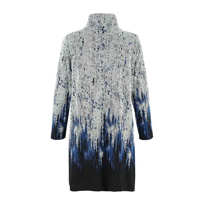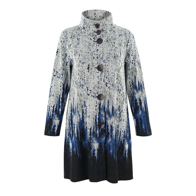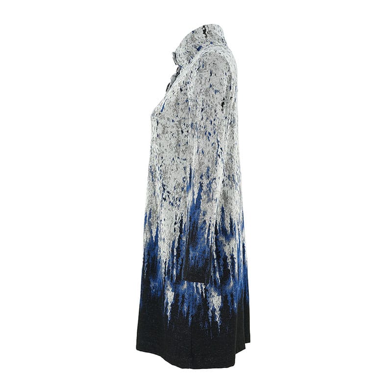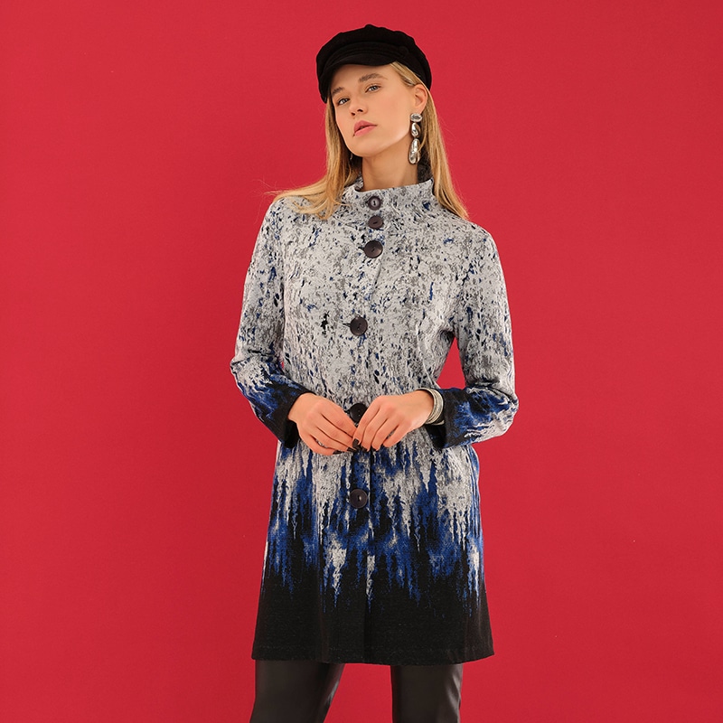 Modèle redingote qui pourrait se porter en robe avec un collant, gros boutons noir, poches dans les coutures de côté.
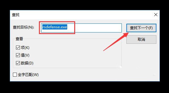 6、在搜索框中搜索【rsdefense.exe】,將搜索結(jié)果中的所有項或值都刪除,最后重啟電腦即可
--
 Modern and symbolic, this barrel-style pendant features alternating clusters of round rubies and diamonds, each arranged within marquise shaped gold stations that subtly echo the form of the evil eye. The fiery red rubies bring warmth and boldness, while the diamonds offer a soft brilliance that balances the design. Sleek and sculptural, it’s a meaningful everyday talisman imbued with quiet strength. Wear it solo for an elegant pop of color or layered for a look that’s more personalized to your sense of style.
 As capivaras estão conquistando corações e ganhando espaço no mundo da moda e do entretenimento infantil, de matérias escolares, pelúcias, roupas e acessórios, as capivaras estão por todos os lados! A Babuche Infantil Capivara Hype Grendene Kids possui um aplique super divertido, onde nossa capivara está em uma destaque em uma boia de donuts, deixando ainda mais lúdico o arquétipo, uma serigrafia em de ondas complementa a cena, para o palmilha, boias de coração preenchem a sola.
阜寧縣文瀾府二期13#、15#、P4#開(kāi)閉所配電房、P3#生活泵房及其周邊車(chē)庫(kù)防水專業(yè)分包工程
--
Your objective ->
What is needed is an exact copy of the lines above, from the one containing "Modern and symbolic, this" through the one containing "阜寧縣文瀾府二期13#、15", with nothing added.

Response to this exercise ->
 Modern and symbolic, this barrel-style pendant features alternating clusters of round rubies and diamonds, each arranged within marquise shaped gold stations that subtly echo the form of the evil eye. The fiery red rubies bring warmth and boldness, while the diamonds offer a soft brilliance that balances the design. Sleek and sculptural, it’s a meaningful everyday talisman imbued with quiet strength. Wear it solo for an elegant pop of color or layered for a look that’s more personalized to your sense of style.
 As capivaras estão conquistando corações e ganhando espaço no mundo da moda e do entretenimento infantil, de matérias escolares, pelúcias, roupas e acessórios, as capivaras estão por todos os lados! A Babuche Infantil Capivara Hype Grendene Kids possui um aplique super divertido, onde nossa capivara está em uma destaque em uma boia de donuts, deixando ainda mais lúdico o arquétipo, uma serigrafia em de ondas complementa a cena, para o palmilha, boias de coração preenchem a sola.
阜寧縣文瀾府二期13#、15#、P4#開(kāi)閉所配電房、P3#生活泵房及其周邊車(chē)庫(kù)防水專業(yè)分包工程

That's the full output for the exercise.